Greenway Wants To Put An End To Traffic Jams

Traffic jams are annoying, but they are also responsible for extra CO2 emissions and plenty of wasted productivity. Greenway, Germany’s entry into Microsoft’s 10th Imagine Cup student technology competition in Sydney this week, wants to do nothing less than put an end to traffic jams. To do so, the three-person team has developed a mobile app, which is basically a very smart turn-by-turn navigation system, and a cloud-based routing and tracking service that ensures that drivers use streets as efficiently as possible. Ideally, the Greenway team says, its app can cut driving times during peak traffic hours by half. What’s cool about the service isn’t the impressive underlying technology, though, but also the team’s innovative business model.

Here is how Greenway is tackling this problem: most of the time, drivers choose the most direct route between two points and because of this, traffic tends to converge on a small number of roads, making traffic jams inevitable.

What would happen, though, if you could route cars more efficiently and have them use underutilized roads? To find out, the team developed an algorithm that constantly monitors where cars are in a city and then routes them as efficiently as possible, keeping in mind where all the other cars are as well. The team built a number of impressive traffic simulations to validate its approach. In addition, it’s also running a small pilot project in Germany right now that has already validated the team’s approach.

The idea here is to ensure that cars are distributed in the most efficient way possible. To do this, Greenway, for example, uses its algorithms to predict where a driver will be in the future and it then basically reserves a certain stretch of road for this vehicle.

This being a Microsoft event, the app is currently Windows Phone-only and the backend runs on Microsoft’s Azure cloud computing service, but the team plans to release clients for other platforms, too.

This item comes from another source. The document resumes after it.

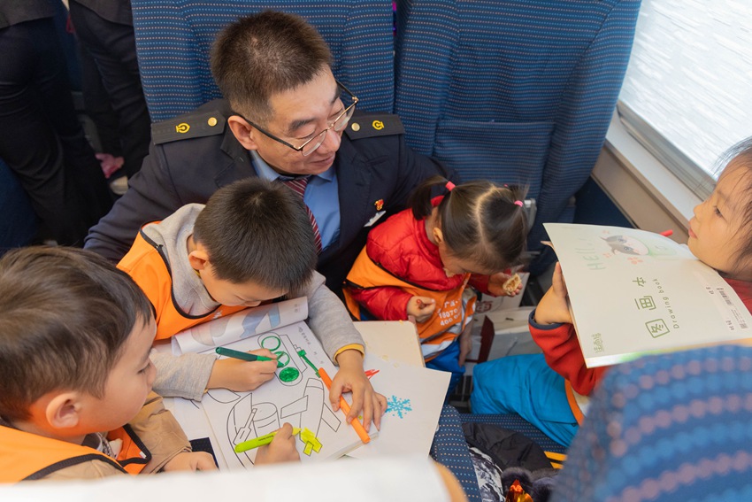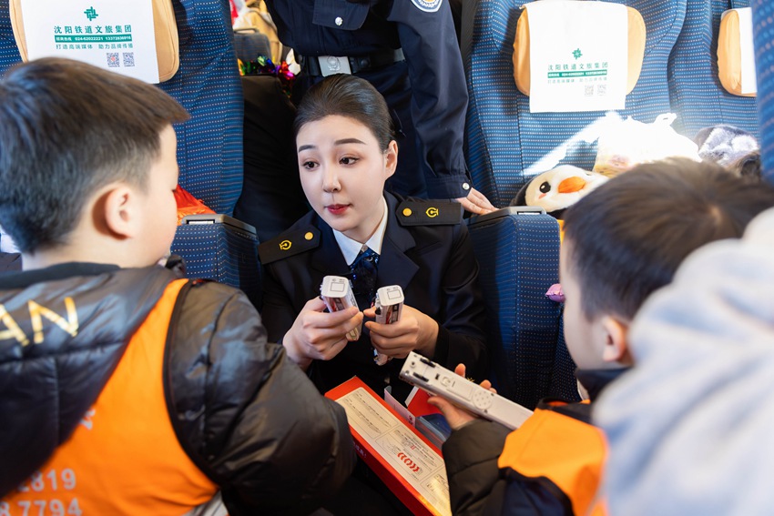 該段動車四隊5名青年志愿者也來到了列車上,和值乘班組共同開展了“愛心護苗”活動,為小旅客送水,抬放行李,一路暖心護送?!皷|北旅游熱爆火后,南方來的游客日漸增多,我們班組準備了暖寶寶、女士貼等服務備品和治療骨傷噴劑,隨時為有需要的旅客提供?!盌124次列車長胡慧敏說。為了做好此次11名小旅客出行順利,她不但提前組織班組乘務人員將小旅客接到列車上,妥善安頓,重點照顧,還聯系了吉林站提供綠色出站服務,全力以赴為游客們提供溫馨旅程。(潘潔)

Ideally, of course, every car in a city would use Greenway to make the system work perfectly, but even just having 10% of all cars use it is enough to provide the system with enough data to achieve most of its goals. Greenway can also substitute data from its own users with publicly available traffic data and the team plans to work with GPS manufacturers to integrate its service into their apps and hardware devices.

That’s also where the team’s business model comes in. Whenever a user opens the app, Greenway will show two sets of data: one for a regular, non-optimized route and one for Greenway’s optimized route. This data includes driving time and the mileage a user can expect to get on these routes. Users who choose the Greenway route then pay a fraction of the money they save in gas using the app, but never more than $0.30.

Greenway is among the 20 teams chosen to advance to the next round in Microsoft’s student competition today and the team will get another chance to pitch its project in front of a jury later this week as it competes for the cup. Greenway is also one of three nominees for Microsoft’s Environmental Sustainability Award at the event.